Он никак не мог привыкнуть к своим искусственным ногам, словно человек, которому только что отняли руку и который по-прежнему некоторое время пребывает в уверенности, что рука у него есть. Только у Смока это ощущение было сильнее вдвойне. Старые ноги, новые ноги. Лежа на спине, Смок ощущал запах горючки, и этот запах ему нравился. Так он и заснул – запах горючки навевал странные сны: будто он сам истекает горючкой, плавает в ней, что он весь – одна сплошная оловянная емкость, в которой достаточно горючки, чтобы спалить все города, стоящие на Большой дороге.
В одном из эпизодов сна он встретился с Джеймсом Мокси, пригласил его в таверну и угостил стаканчиком. Мокси, поблагодарив, выпил, а Горючка Смок рассмеялся и попросил его открыть рот. Тот просьбу исполнил, и тогда Смок сунул ему в рот горящую спичку, отчего из горла у Мокси полыхнуло жарким пламенем. Смок успел отпрянуть, но языки пламени были такими длинными и сильными, что достали и до него. Назад! – крикнул было Смок, но Мокси вновь дыхнул огнем; пламя охватило рубашку Смока, штаны и даже протезы, а потом вся таверна вспыхнула и затрещала, и сквозь огонь Смок увидел Мокси, который окинул его внимательным, цепким взглядом. Сам Мокси каким-то чудесным образом избежал языков пламени, зато Смок вспыхнул и принялся вопить – огонь охватил волосы на руках и голове, плоть завоняла жжеными мышами, кости почернели, а пламя резво взобралось по шее, перетекло через головешки зубов и обгоревший язык и ринулось в разверстую глотку, забитую пеплом.
Глаза сгорели последними. И, пока они не лопнули и не превратились в угольки, сквозь языки пламени Горючка Смок видел Мокси. Тот не смеялся, не произнес ни единого слова. Вобще ничего не делал.
И не горел.
Свет
– Это твое дыхание, – сказала Хэтти.
Она произнесла это всего один раз, но с такой убежденностью, что Кэрол запомнила ее слова навсегда. Хэтти, если того хотела, могла сказать, словно припечатать. Ее лицо становилось бесстрастным – ни улыбки, ни, напротив, печали. В ее словах звучала сама истина – как Хэтти ее видела. И Кэрол все понимала.

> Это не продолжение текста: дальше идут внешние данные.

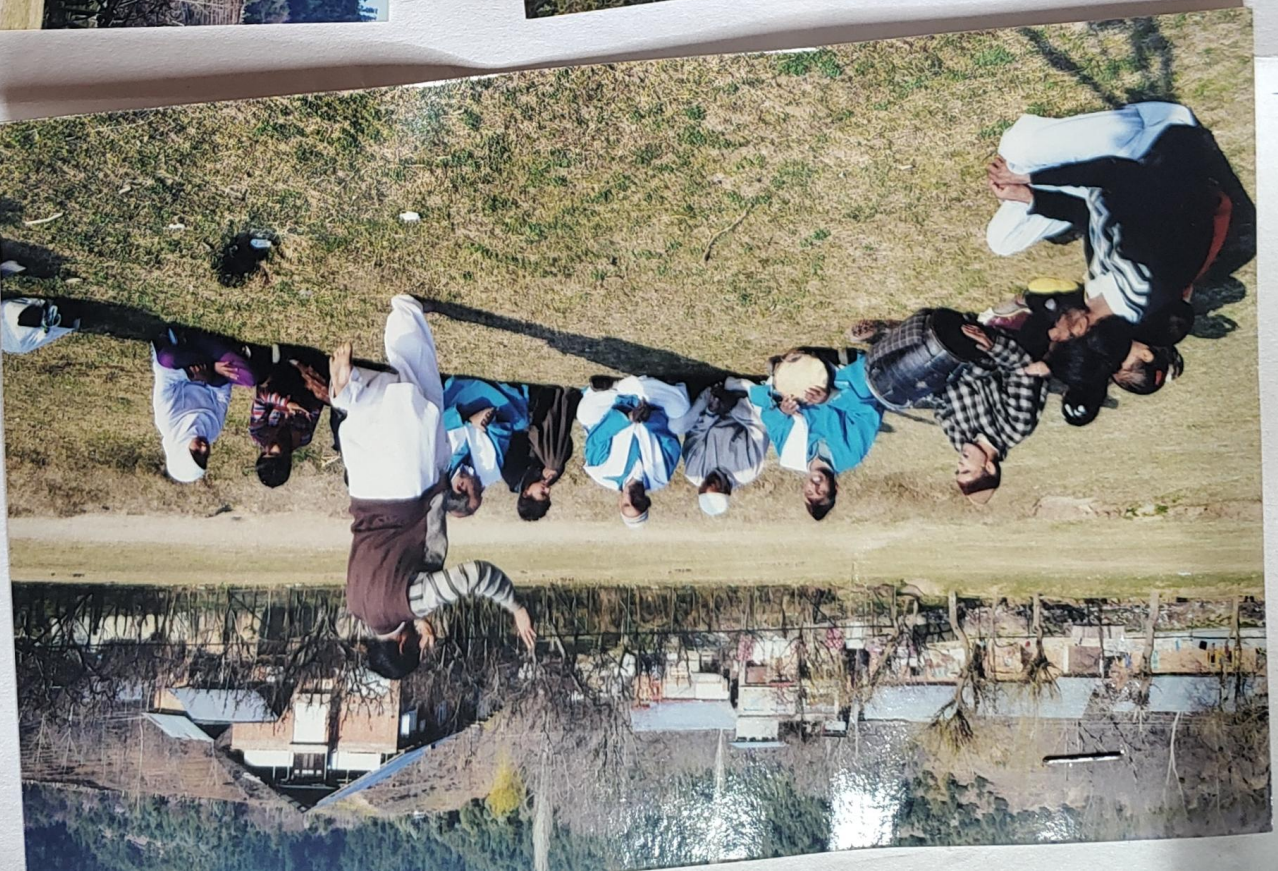
ALAMDAR, BHAGHAT THEATRE MOHRI PORA ANANTNAG RASHMIK

Многие годы эта теория помогала Кэрол. Когда ей было восемь лет, хриплое дыхание, которое она слышала в коме, пугало ее до чрезвычайности. Неужели там, в Воющем городе, жил еще кто-то?
Это твое дыхание.
И не нужно было никаких объяснений – что, дескать, все процессы в ее теле замедлялись, а сердце билось в шестнадцать раз медленнее, чем обычно. Хэтти, должно быть, не видела никакого смысла в подобных объяснениях.
Это твое дыхание.
И этого было достаточно.
Только Джон Боуи однажды, сидя напротив Кэрол в лучшем из баров Хэрроуза, где подавали морепродукты, решил копнуть поглубже:
– Не хочу показаться излишне серьезным, Кэрол, но, может быть, твоя кома – это некий иной мир? Не приходило ли тебе это в голову? Что-то вроде чистилища, но, конечно, не в религиозном смысле этого слова? Может быть, кома – это состояние между жизнью и смертью? А значит, дыхание, которое ты слышишь – не от мира сего?
Веселенькая тема для обеденной болтовни, но, так или иначе, произнесенные Джоном слова леденили ее нервы, когда Кэрол случалось вновь лететь сквозь темноту Воющего города. А иногда она жалела, что Джон их вообще произнес.
Как, например, сейчас. Падая, она видела порог, видела рябь, волной прокатившуюся навстречу ей по саду. Неужели Джон Боуи был прав? И, может быть, дыхание, которое она слышала, было дыханием самого Джона?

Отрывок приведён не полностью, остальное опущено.